Deeper Evil (The Evil Secrets Trilogy Book 2)
Page 6
Collin fidgeted from the line of coke he had consumed along with several of the pain killers the doctor had given him. “And you and Cade were supposed to get there in time to finish off Auslo and Taft.”
“And you were supposed to wait until it was dark. Going off trying to act like Mr. Tough Guy almost got you killed. Now if they compare bullet wounds…”
“Believe me, I provided the good doctor with enough financial incentive, he’s already lost my chart.”

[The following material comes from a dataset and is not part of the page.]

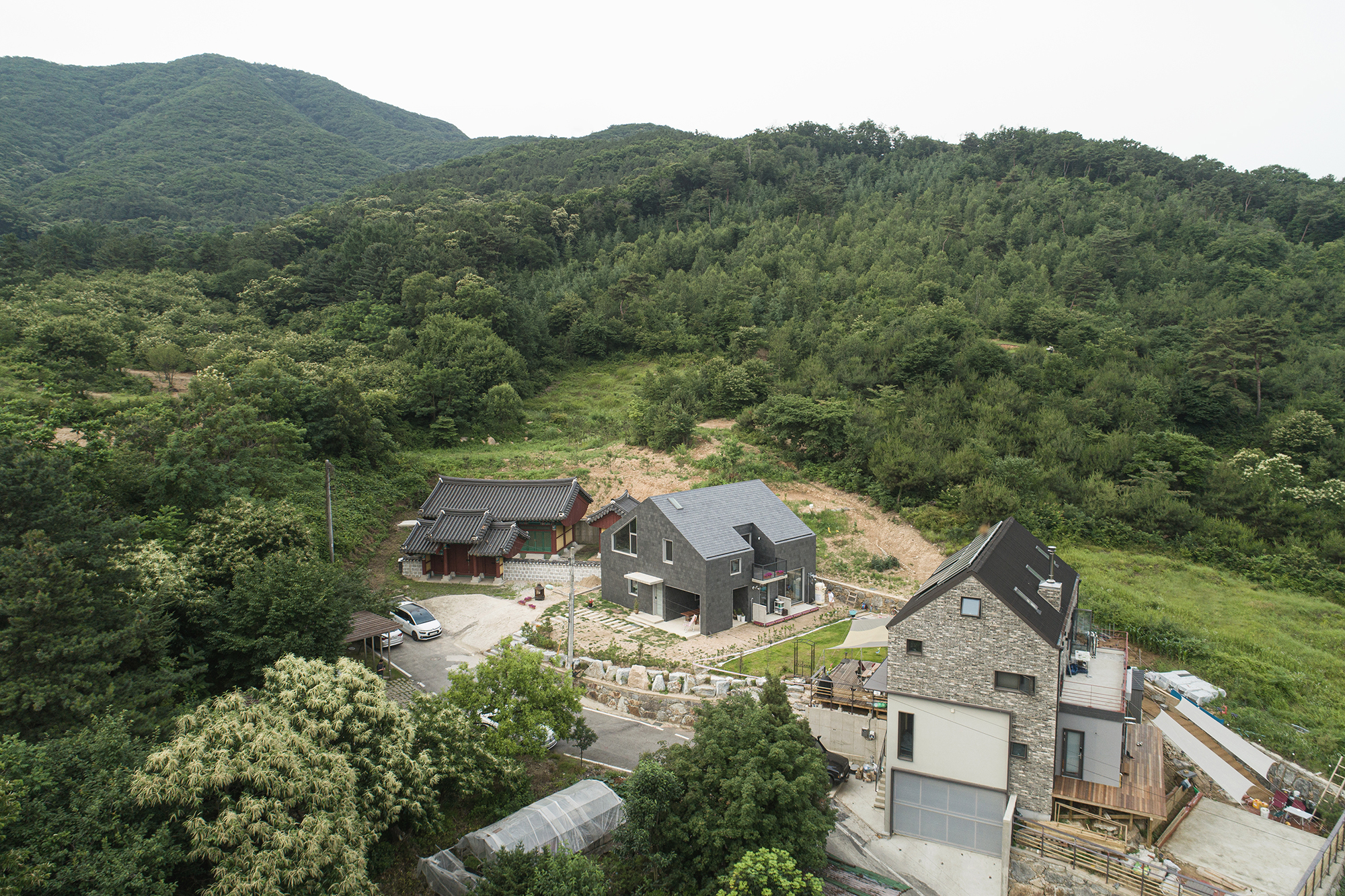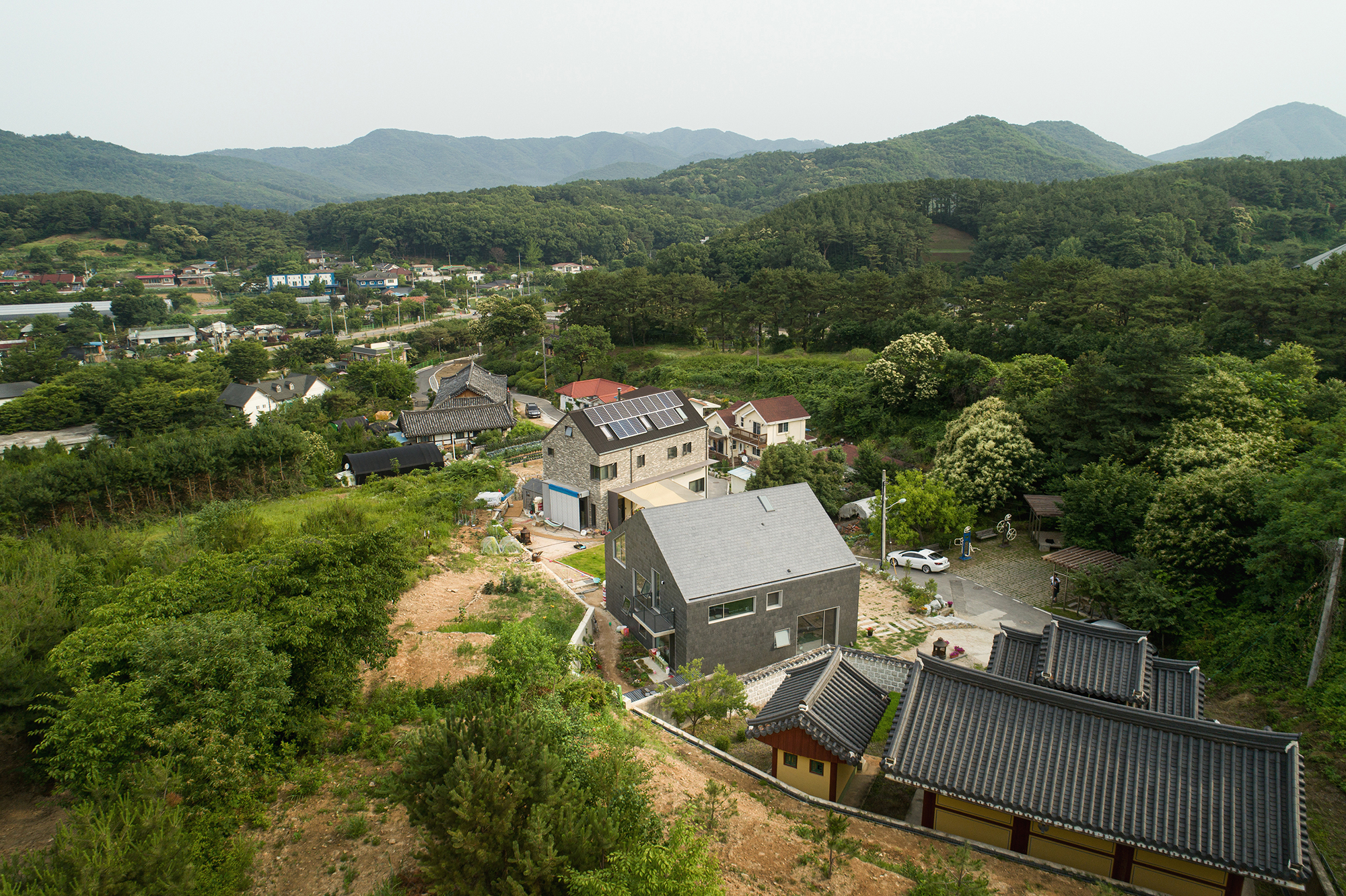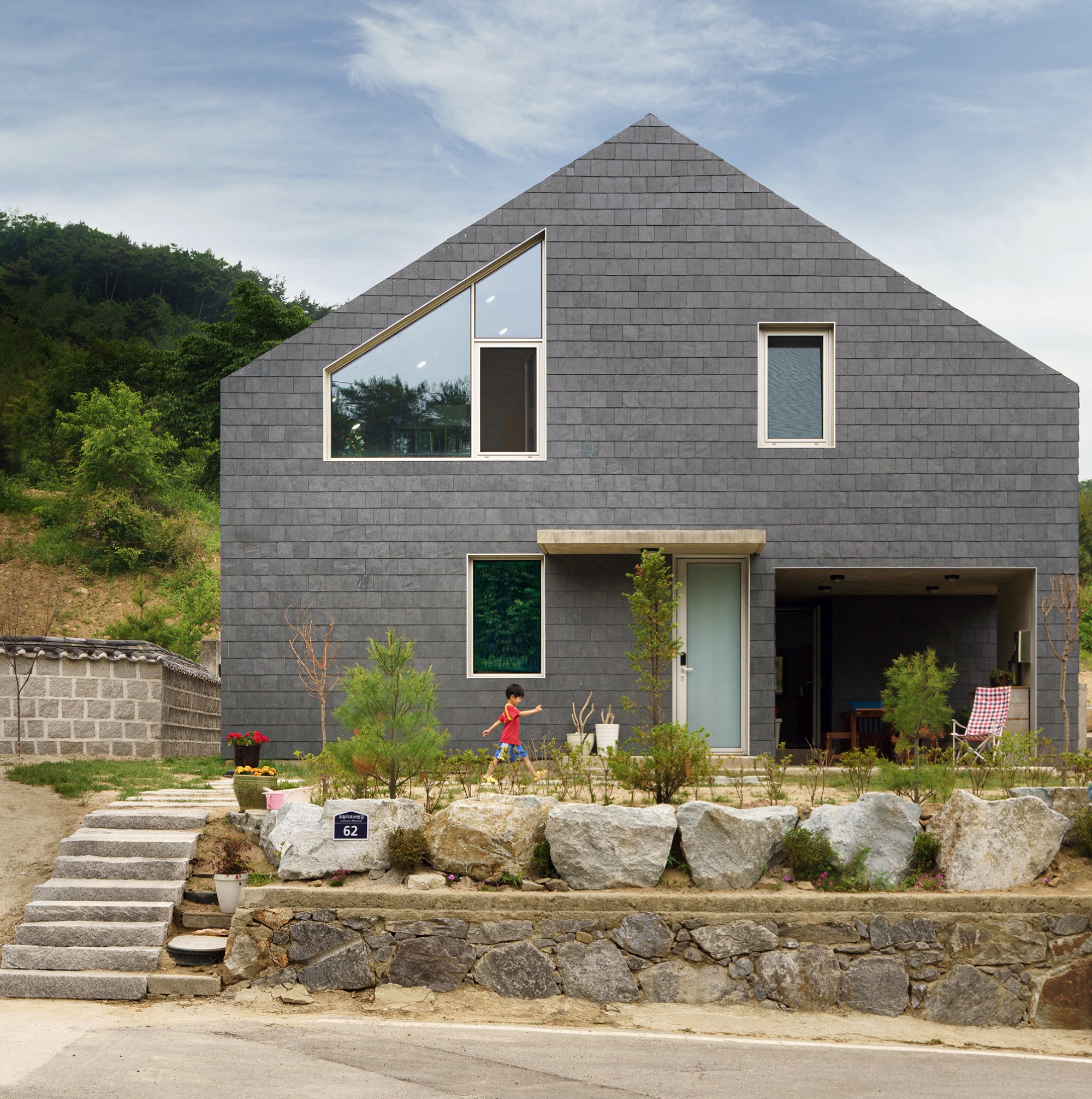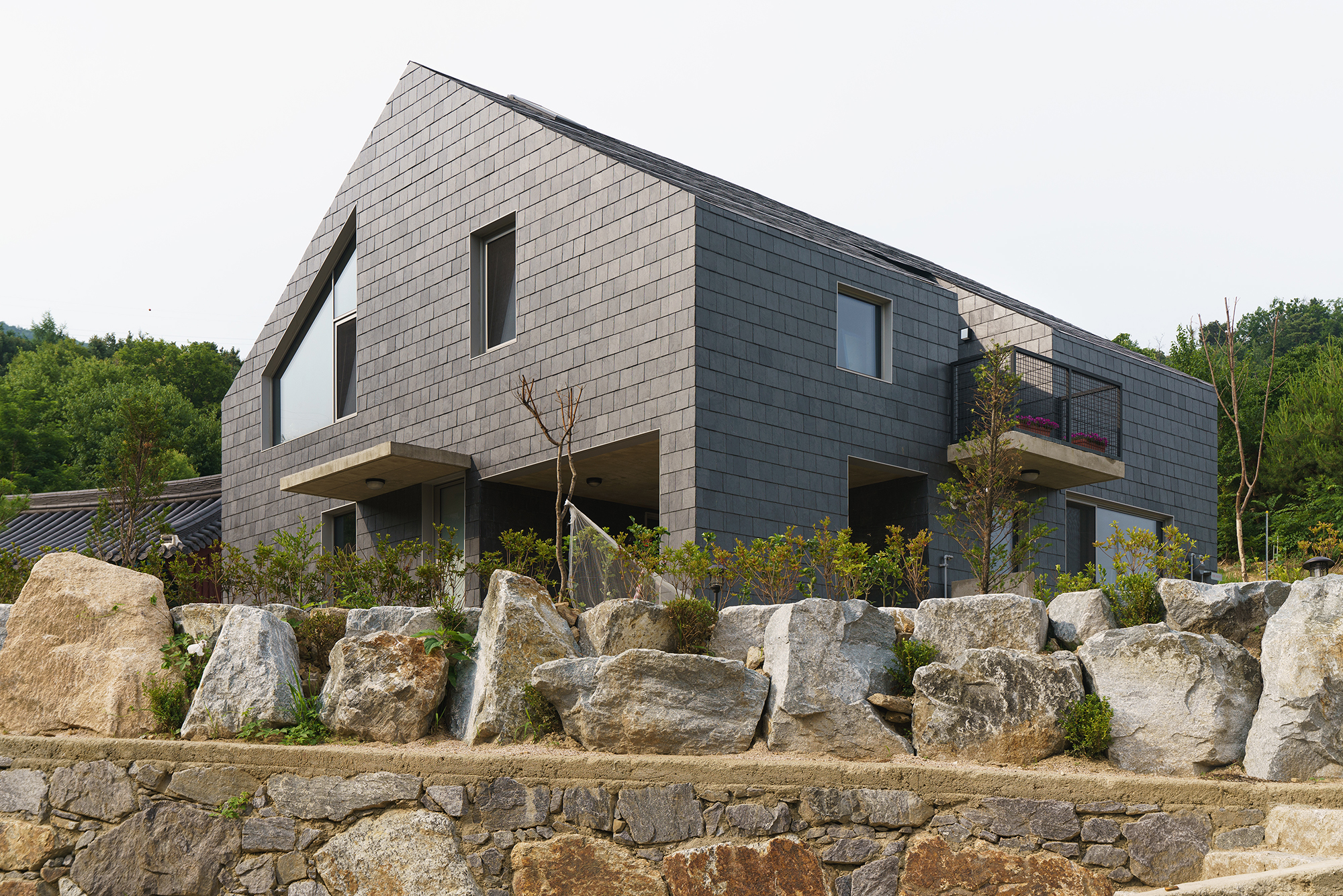 마을의 마지막에 자리한 대지는 집이면서 산자락이 시작되고, 오랫동안 마을을 지켜온 청주 한씨 종친회의 제실을 이웃으로 하며, 500년 된 약수터를 마주하고 있었다. 전통 건축과 자연을 해치지 않는 단순한 형태와 재료를 취해야 했다. 사방으로 외부를 고루 마주할 수 있는 정방형 박공지붕에 자연 재료와 돌, 콘크리트가 사용됐다. 5mm 두께의 얇은 돌은 ‘천연 슬레이트’라고 불리는 유럽의 전통 지붕 재료다. 우리의 너와집처럼 겹쳐 잇는 방법이다. 돌 자체에 숨어있는 금속성으로 보는 각도에 따라 반사를 이루며, 지붕과 외벽 전체를 덮고 있다.

“Next time, follow the plan. This guy has to be a pro.”
“That’s an understatement. One good thing though, he took care of our problem for us. Taft and Auslo won’t be offering us up and turning state’s evidence.”
At that moment, Cade stormed outside through the terrace doors in a huff, obviously angry, headed straight for the bar, and poured a generous glass of whiskey. “If you guys are talking about our killer, you might want to take a look at this.” He shoved a folded sheet of paper into Conner’s chest. “I found that inside my locker this afternoon at the country club.”
“Shit,” Connor uttered, as he rubbed his forehead.
The note read: I know about the Parkers.
“He must have followed me to the club.”
“Or hired someone to put it there.”
“Either way, he’s too close, sticking too goddamned close for comfort. I don’t like it, Connor. This guy is playing for real. I don’t think he plans on stopping with mom and pop either, not when that note was shoved in my face.”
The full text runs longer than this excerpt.